Indoor Christmas trees and tree decorating them is said to have begun in Germany in the 16thcentury. Prior to that, it was a pagan tradition to bring fir and evergreen branches into the home around the solstice period. Evergreen boughs and holly were hung above doors to ward away evil spirits, ghosts, and illnesses. Evergreen was a symbol of everlasting life and was used by the druids, the Vikings, and the Romans. Households of German immigrants to the United States were most likely to have Christmas trees inside the house in the early 19thcentury. In the UK, very few had Christmas trees until Queen Victoria and Prince Albert, himself a German who insisted on having a tree in their residence, posed for a family portrait around their Christmas tree. This increased its popularity greatly and spread to the United Stated in later decades. Another plant, mistletoe, was a symbol of love and friendship in Norse mythology and traditions of hanging it go back to the ancient druids to bring good luck. At one point it was considered such a pagan tradition that it was banned as a decoration in churches.

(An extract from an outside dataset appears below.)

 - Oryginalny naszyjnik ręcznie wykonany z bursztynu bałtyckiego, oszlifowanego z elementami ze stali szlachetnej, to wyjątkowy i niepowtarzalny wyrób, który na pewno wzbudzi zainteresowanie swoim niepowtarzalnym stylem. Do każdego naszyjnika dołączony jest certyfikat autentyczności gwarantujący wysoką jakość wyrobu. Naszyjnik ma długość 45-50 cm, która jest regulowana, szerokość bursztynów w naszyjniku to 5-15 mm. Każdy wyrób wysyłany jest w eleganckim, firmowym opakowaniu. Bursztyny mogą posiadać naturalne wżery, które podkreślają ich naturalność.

The tradition of gift giving dates back to Roman Solstice festivals and giving to those less fortunate. This evolved into Wassailing and even Boxing Day today. Gifts giving became directed toward children in the 19th century. The period of advent was created to mark a fasting period leading up to the celebration of Christmas. Later Advent Calendars were created later with little gifts each day to countdown the days until December 25. Now they are often filled with chocolate or other sweets and especially popular with children.

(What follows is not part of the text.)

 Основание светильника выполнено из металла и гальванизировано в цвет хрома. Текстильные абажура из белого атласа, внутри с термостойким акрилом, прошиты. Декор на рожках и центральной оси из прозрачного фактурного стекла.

Mulled wine travelled with Christianity from the Mediterranean to the northern countries and remains a popular seasonal drink called Glögg in Scandinavia in which spices and fruit simmered with warm red wine. Christmas cookies became popular once trade routes opened up bringing spices and sugar to Europe. These items were expensive at the time and Christmas was a time to indulge in these exotic treats in the form of cookies and other bakes goods. We are enjoying the same holiday flavors of ginger, cinnamon, nutmeg, and cardamom as were enjoyed during medieval times.
The original meanings of our traditions don’t hold the same weight as they once did. We have electricity which lights our rooms beyond the hours the sun provides light. Many of us are not hungry when the Christmas feast is served and will not be on the brink of starvation during the cold months of winter. We are not cold when we are sipping mulled wine at holiday parties. Yet, we are comforted by these traditions the sense that there is something special about them, something connected to our collective history gives us peace.
As many things, the Christmas and holiday season have become more and more commercial and more and more related to food and feasting. We’ve come a long way from the fasting during advent to eating a treat each day. There’s also a theme of Christmas over the years being more and more geared toward children. I remember Christmas being magical as a child and I enjoyed sharing that magic with my own children when they were small. Now that my own children have grown and myths have been demystified, I want to reconnect with that magic of the season. And it’s so simple, a celebration that the darkest day has arrived and a beginning of a new cycle of increasing light has begun. I will light my candles and hang my wreath as one season bridges into another to create the chapters and cycles of my own life.